The aim of this study is to examine the effects of teaching experience and rubric 
use on teachers' grading behaviors across different occasions in a performance 
assessment. A performance task was given to the eighth-grade students, and their 
responses were graded by 17 teachers with and without a rubric. A crossed random- 
effects modeling approach was used to examine the individual contributions of 
students, tasks, teachers, and the interactions of these components with the 
variations in students' scores. In addition, rubric use, teachers' work experience, and 
the duration between grading periods are used as fixed-effects in the model. Two 
research questions addressed in this study are: 1) How does the rubric use influence 
the scoring of performance assessments? 2) Is there any interaction between teachers' 
work experience and their grading behaviors? The following sections describe the 
sample, data collection procedure, and statistical techniques used for data analysis. 

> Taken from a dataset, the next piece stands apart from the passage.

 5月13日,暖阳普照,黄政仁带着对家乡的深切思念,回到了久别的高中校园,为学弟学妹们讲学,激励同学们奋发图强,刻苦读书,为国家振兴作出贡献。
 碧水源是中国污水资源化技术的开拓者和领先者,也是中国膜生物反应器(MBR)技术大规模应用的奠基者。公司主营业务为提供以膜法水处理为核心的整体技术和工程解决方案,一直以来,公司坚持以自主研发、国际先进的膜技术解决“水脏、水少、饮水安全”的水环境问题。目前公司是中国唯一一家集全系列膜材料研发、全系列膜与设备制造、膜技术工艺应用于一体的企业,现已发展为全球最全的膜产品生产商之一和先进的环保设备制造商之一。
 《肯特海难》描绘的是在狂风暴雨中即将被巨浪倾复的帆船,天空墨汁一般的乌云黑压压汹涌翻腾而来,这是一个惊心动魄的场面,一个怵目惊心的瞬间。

Participants and Data Collection 

The participants of this study were 50 eighth-grade students and 17 math 
teachers. The sample of teachers was chosen to represent a wide range of experience. 
Years of experience as a teacher ranged from one year to 26 years in the sample. 
Students, teachers, and performance tasks were fully crossed facets. All students in 
the sample responded to the same questions in a performance assessment. The 
responses of all the students were graded by each of the seventeen teachers. 

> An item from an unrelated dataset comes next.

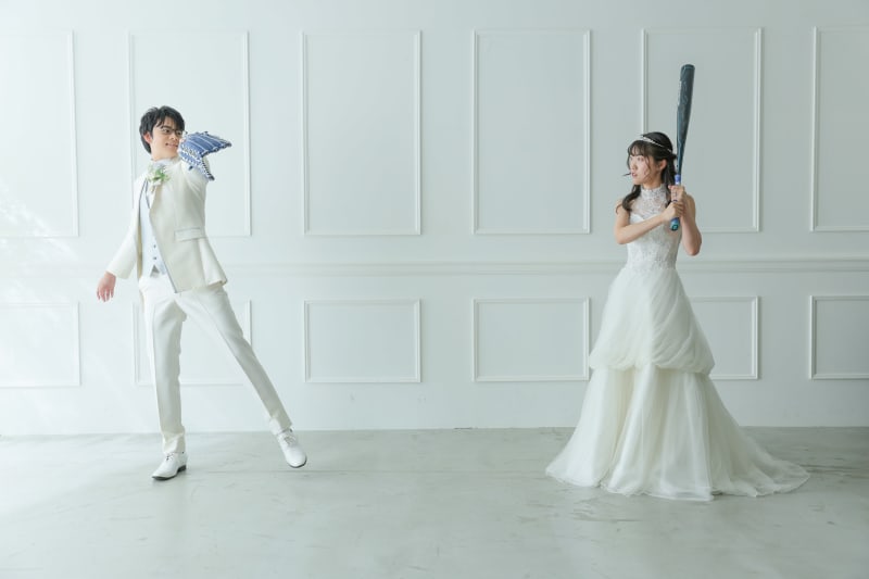 野球観戦がお好きなご新郎様とソフトボールをされていたご新婦様。

The content of the performance assessment in this study was graphical 
comprehension in mathematics. In the literature, researchers have focused on the 
three sublevels of graph comprehension (Friel, Bright, & Curcio, 2001; Wainer, 1992). 
These sublevels are translation, interpretation, and extrapolation/interpolation. 
Translation represents a change in the form of a communication (Friel et ah, 2001). 
Translation occurs when one interprets a graph at a descriptive level and comments 
on the structure of the graph (Jolliffe, 1991; Wood, 1968). Interpretation means 
organizing the information in the graph and determining which information is more 
important or necessary (Wood, 1968). Interpretation happens when one looks for 
relationships among specifiers in a graph or between a specifier and a labeled axis 
(Friel et ah, 2001). Extrapolation/interpolation means understanding the data in a 
graph and making inferences or conclusions. Extrapolation and interpolation occur 
when one extrapolates or interpolates by perceiving trends shown in graphical data 
or by specifying implications (Wood, 1968). 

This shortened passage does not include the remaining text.